> Exercise details: Could you write out every entry exactly as it stands?

[Records from a collection]
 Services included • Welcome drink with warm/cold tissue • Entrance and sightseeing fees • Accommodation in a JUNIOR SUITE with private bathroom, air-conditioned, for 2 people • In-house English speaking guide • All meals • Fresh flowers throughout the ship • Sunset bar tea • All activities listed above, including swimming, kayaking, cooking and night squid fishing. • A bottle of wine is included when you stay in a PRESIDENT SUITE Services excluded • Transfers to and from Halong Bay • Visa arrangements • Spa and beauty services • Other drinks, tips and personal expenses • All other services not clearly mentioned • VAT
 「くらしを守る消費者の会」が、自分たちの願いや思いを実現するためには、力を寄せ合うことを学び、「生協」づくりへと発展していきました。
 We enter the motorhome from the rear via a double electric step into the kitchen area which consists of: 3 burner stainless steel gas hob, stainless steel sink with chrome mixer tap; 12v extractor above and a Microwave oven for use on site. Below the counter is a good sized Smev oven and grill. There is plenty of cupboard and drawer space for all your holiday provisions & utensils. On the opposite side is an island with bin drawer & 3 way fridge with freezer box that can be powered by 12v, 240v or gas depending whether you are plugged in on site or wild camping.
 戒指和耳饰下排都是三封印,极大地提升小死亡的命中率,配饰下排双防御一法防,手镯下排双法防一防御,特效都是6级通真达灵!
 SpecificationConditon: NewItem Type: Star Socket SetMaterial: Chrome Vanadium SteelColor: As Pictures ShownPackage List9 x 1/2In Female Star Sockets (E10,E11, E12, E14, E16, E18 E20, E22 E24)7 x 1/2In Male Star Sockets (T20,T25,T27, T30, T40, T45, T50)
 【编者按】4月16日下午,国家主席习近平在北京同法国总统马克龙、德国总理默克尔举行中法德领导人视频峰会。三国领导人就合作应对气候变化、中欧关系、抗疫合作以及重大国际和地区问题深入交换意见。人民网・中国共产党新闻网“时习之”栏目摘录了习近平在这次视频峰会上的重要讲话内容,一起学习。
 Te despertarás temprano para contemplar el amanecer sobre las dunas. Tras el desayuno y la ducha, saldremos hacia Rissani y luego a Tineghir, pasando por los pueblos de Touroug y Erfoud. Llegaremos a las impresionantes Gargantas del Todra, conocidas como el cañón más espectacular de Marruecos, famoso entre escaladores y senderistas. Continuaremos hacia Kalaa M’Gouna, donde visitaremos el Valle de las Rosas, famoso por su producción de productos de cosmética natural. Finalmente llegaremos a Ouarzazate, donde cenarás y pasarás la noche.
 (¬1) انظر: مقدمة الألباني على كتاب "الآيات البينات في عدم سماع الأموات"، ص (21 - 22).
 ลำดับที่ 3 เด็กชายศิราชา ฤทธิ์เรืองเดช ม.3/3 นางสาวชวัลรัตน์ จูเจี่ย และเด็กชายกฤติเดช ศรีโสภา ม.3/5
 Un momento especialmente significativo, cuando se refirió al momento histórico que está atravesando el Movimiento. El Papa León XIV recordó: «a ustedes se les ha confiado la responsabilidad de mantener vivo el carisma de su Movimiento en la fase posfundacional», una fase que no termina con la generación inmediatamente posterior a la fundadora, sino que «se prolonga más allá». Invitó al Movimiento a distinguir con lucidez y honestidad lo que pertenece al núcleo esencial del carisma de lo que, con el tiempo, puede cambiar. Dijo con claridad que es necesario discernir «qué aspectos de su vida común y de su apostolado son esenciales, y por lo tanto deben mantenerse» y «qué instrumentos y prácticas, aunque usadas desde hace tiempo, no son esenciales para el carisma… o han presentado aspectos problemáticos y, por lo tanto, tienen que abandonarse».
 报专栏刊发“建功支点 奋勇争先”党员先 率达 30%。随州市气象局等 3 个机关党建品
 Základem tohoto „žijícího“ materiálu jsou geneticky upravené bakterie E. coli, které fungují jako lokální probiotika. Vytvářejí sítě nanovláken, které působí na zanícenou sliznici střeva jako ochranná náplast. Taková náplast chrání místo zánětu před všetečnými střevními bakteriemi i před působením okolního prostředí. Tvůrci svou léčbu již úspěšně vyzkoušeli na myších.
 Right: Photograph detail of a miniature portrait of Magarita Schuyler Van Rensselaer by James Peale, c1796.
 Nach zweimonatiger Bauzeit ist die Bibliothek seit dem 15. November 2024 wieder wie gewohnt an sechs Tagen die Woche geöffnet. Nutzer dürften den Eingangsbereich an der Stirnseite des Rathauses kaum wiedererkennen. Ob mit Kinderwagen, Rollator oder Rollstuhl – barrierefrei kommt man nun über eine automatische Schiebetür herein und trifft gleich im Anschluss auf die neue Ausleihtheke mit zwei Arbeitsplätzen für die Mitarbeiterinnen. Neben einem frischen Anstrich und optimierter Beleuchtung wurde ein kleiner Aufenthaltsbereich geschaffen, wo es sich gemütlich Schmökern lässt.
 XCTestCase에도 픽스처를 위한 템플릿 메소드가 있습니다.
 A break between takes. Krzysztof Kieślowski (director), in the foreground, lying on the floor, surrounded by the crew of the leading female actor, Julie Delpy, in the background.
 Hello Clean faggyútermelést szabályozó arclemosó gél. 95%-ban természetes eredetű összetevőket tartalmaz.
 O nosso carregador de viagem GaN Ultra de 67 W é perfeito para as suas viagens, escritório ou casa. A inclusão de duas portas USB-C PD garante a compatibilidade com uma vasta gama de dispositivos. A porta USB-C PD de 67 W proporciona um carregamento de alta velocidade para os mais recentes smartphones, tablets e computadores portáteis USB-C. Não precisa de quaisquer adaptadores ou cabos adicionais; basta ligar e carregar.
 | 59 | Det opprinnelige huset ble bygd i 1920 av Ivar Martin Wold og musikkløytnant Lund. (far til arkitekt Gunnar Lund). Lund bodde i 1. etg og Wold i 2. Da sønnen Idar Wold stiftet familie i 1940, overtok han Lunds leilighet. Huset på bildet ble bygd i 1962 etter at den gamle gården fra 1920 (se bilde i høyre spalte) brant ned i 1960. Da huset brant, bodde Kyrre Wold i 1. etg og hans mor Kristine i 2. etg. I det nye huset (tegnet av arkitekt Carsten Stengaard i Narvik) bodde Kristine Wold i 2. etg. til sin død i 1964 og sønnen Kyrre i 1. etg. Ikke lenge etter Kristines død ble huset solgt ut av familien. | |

> Expected answer:
 Services included • Welcome drink with warm/cold tissue • Entrance and sightseeing fees • Accommodation in a JUNIOR SUITE with private bathroom, air-conditioned, for 2 people • In-house English speaking guide • All meals • Fresh flowers throughout the ship • Sunset bar tea • All activities listed above, including swimming, kayaking, cooking and night squid fishing. • A bottle of wine is included when you stay in a PRESIDENT SUITE Services excluded • Transfers to and from Halong Bay • Visa arrangements • Spa and beauty services • Other drinks, tips and personal expenses • All other services not clearly mentioned • VAT
 「くらしを守る消費者の会」が、自分たちの願いや思いを実現するためには、力を寄せ合うことを学び、「生協」づくりへと発展していきました。
 We enter the motorhome from the rear via a double electric step into the kitchen area which consists of: 3 burner stainless steel gas hob, stainless steel sink with chrome mixer tap; 12v extractor above and a Microwave oven for use on site. Below the counter is a good sized Smev oven and grill. There is plenty of cupboard and drawer space for all your holiday provisions & utensils. On the opposite side is an island with bin drawer & 3 way fridge with freezer box that can be powered by 12v, 240v or gas depending whether you are plugged in on site or wild camping.
 戒指和耳饰下排都是三封印,极大地提升小死亡的命中率,配饰下排双防御一法防,手镯下排双法防一防御,特效都是6级通真达灵!
 SpecificationConditon: NewItem Type: Star Socket SetMaterial: Chrome Vanadium SteelColor: As Pictures ShownPackage List9 x 1/2In Female Star Sockets (E10,E11, E12, E14, E16, E18 E20, E22 E24)7 x 1/2In Male Star Sockets (T20,T25,T27, T30, T40, T45, T50)
 【编者按】4月16日下午,国家主席习近平在北京同法国总统马克龙、德国总理默克尔举行中法德领导人视频峰会。三国领导人就合作应对气候变化、中欧关系、抗疫合作以及重大国际和地区问题深入交换意见。人民网・中国共产党新闻网“时习之”栏目摘录了习近平在这次视频峰会上的重要讲话内容,一起学习。
 Te despertarás temprano para contemplar el amanecer sobre las dunas. Tras el desayuno y la ducha, saldremos hacia Rissani y luego a Tineghir, pasando por los pueblos de Touroug y Erfoud. Llegaremos a las impresionantes Gargantas del Todra, conocidas como el cañón más espectacular de Marruecos, famoso entre escaladores y senderistas. Continuaremos hacia Kalaa M’Gouna, donde visitaremos el Valle de las Rosas, famoso por su producción de productos de cosmética natural. Finalmente llegaremos a Ouarzazate, donde cenarás y pasarás la noche.
 (¬1) انظر: مقدمة الألباني على كتاب "الآيات البينات في عدم سماع الأموات"، ص (21 - 22).
 ลำดับที่ 3 เด็กชายศิราชา ฤทธิ์เรืองเดช ม.3/3 นางสาวชวัลรัตน์ จูเจี่ย และเด็กชายกฤติเดช ศรีโสภา ม.3/5
 Un momento especialmente significativo, cuando se refirió al momento histórico que está atravesando el Movimiento. El Papa León XIV recordó: «a ustedes se les ha confiado la responsabilidad de mantener vivo el carisma de su Movimiento en la fase posfundacional», una fase que no termina con la generación inmediatamente posterior a la fundadora, sino que «se prolonga más allá». Invitó al Movimiento a distinguir con lucidez y honestidad lo que pertenece al núcleo esencial del carisma de lo que, con el tiempo, puede cambiar. Dijo con claridad que es necesario discernir «qué aspectos de su vida común y de su apostolado son esenciales, y por lo tanto deben mantenerse» y «qué instrumentos y prácticas, aunque usadas desde hace tiempo, no son esenciales para el carisma… o han presentado aspectos problemáticos y, por lo tanto, tienen que abandonarse».
 报专栏刊发“建功支点 奋勇争先”党员先 率达 30%。随州市气象局等 3 个机关党建品
 Základem tohoto „žijícího“ materiálu jsou geneticky upravené bakterie E. coli, které fungují jako lokální probiotika. Vytvářejí sítě nanovláken, které působí na zanícenou sliznici střeva jako ochranná náplast. Taková náplast chrání místo zánětu před všetečnými střevními bakteriemi i před působením okolního prostředí. Tvůrci svou léčbu již úspěšně vyzkoušeli na myších.
 Right: Photograph detail of a miniature portrait of Magarita Schuyler Van Rensselaer by James Peale, c1796.
 Nach zweimonatiger Bauzeit ist die Bibliothek seit dem 15. November 2024 wieder wie gewohnt an sechs Tagen die Woche geöffnet. Nutzer dürften den Eingangsbereich an der Stirnseite des Rathauses kaum wiedererkennen. Ob mit Kinderwagen, Rollator oder Rollstuhl – barrierefrei kommt man nun über eine automatische Schiebetür herein und trifft gleich im Anschluss auf die neue Ausleihtheke mit zwei Arbeitsplätzen für die Mitarbeiterinnen. Neben einem frischen Anstrich und optimierter Beleuchtung wurde ein kleiner Aufenthaltsbereich geschaffen, wo es sich gemütlich Schmökern lässt.
 XCTestCase에도 픽스처를 위한 템플릿 메소드가 있습니다.
 A break between takes. Krzysztof Kieślowski (director), in the foreground, lying on the floor, surrounded by the crew of the leading female actor, Julie Delpy, in the background.
 Hello Clean faggyútermelést szabályozó arclemosó gél. 95%-ban természetes eredetű összetevőket tartalmaz.
 O nosso carregador de viagem GaN Ultra de 67 W é perfeito para as suas viagens, escritório ou casa. A inclusão de duas portas USB-C PD garante a compatibilidade com uma vasta gama de dispositivos. A porta USB-C PD de 67 W proporciona um carregamento de alta velocidade para os mais recentes smartphones, tablets e computadores portáteis USB-C. Não precisa de quaisquer adaptadores ou cabos adicionais; basta ligar e carregar.
 | 59 | Det opprinnelige huset ble bygd i 1920 av Ivar Martin Wold og musikkløytnant Lund. (far til arkitekt Gunnar Lund). Lund bodde i 1. etg og Wold i 2. Da sønnen Idar Wold stiftet familie i 1940, overtok han Lunds leilighet. Huset på bildet ble bygd i 1962 etter at den gamle gården fra 1920 (se bilde i høyre spalte) brant ned i 1960. Da huset brant, bodde Kyrre Wold i 1. etg og hans mor Kristine i 2. etg. I det nye huset (tegnet av arkitekt Carsten Stengaard i Narvik) bodde Kristine Wold i 2. etg. til sin død i 1964 og sønnen Kyrre i 1. etg. Ikke lenge etter Kristines død ble huset solgt ut av familien. | |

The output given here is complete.